Rakyatmerdeka.co – Pasar AS dibuka di zona merah pada hari Rabu (14/8), dengan Dow Jones Industrial Average kehilangan lebih dari 400 poin, setelah pasar obligasi AS memicu kekhawatiran baru tentang resesi yang menjulang.
Setelah keputusan untuk menunda tarif impor China pada hari Selasa (13/8), saham AS melihat aksi jual besar lainnya. Dow Jones Industrial Average turun sekitar 1,5%, sementara S&P 500 turun 1,4 persen menjadi 2,885.42 poin. Nasdaq Composite turun 1,55 persen menjadi 1,892.23 poin setelah pembukaan.

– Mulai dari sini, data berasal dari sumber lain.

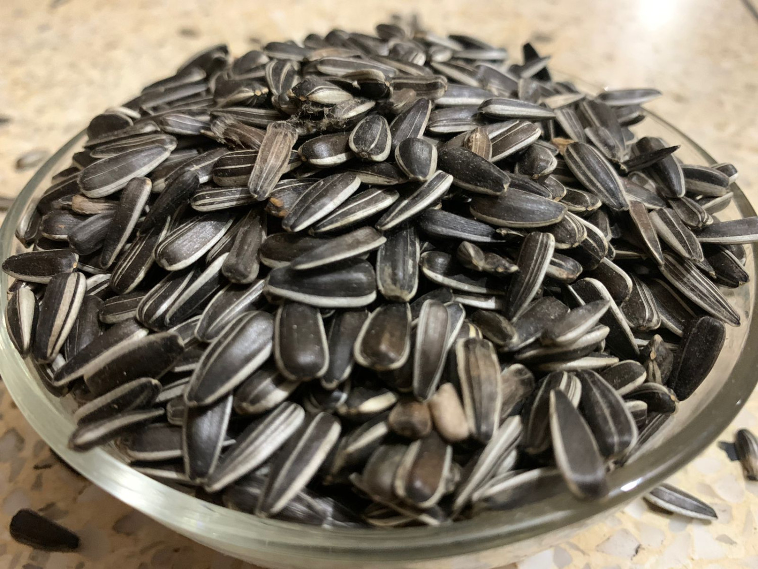 Sunflower seeds are an ideal snack for many birds. There are two types of commercial sunflower seeds. Oil seed (known as black-oil sunflower seed to backyard birders) is small, black and processed for sunflower oil.

Saham-saham Bank, termasuk raksasa Wall Street JP Morgan Chase dan Bank of America, memimpin aksi jual pada hari Rabu. Saham Bank of America diperdagangkan turun sebanyak 2,75%, sementara JP Morgan juga turun hampir 2,5%.
Situasi seperti ini disebut inversi kurva hasil, yang merupakan indikator kuat untuk resesi ekonomi. Gambaran serupa mendahului setiap resesi selama 50 tahun terakhir.
Dalam ekonomi yang sehat, pemegang obligasi biasanya menuntut untuk dibayar lebih tinggi – atau menerima “hasil” yang lebih tinggi – pada obligasi jangka panjang daripada obligasi jangka pendek. Itu karena obligasi jangka panjang mengharuskan orang untuk mengunci uang mereka untuk periode waktu yang lebih lama – dan investor ingin diberi kompensasi untuk risiko itu. Sebaliknya, obligasi yang mengharuskan investor untuk membuat komitmen waktu yang lebih singkat, katakanlah selama enam bulan, tidak perlu banyak berkorban dan biasanya mengeluarkan uang lebih sedikit.
Menjelang resesi terakhir, kurva hasil berbalik secara singkat pada Desember 2005, sekitar dua tahun sebelum krisis keuangan melanda.
Kurva hasil terbalik biasanya disertai oleh sinyal ekonomi yang tidak baik lainnya seperti PHK dan kemerosotan kredit. Ketika fenomena akhirnya terjadi, pasar ekuitas biasanya memiliki keuntungan 18 bulan, dan sekitar 22 bulan sebelum dimulainya resesi.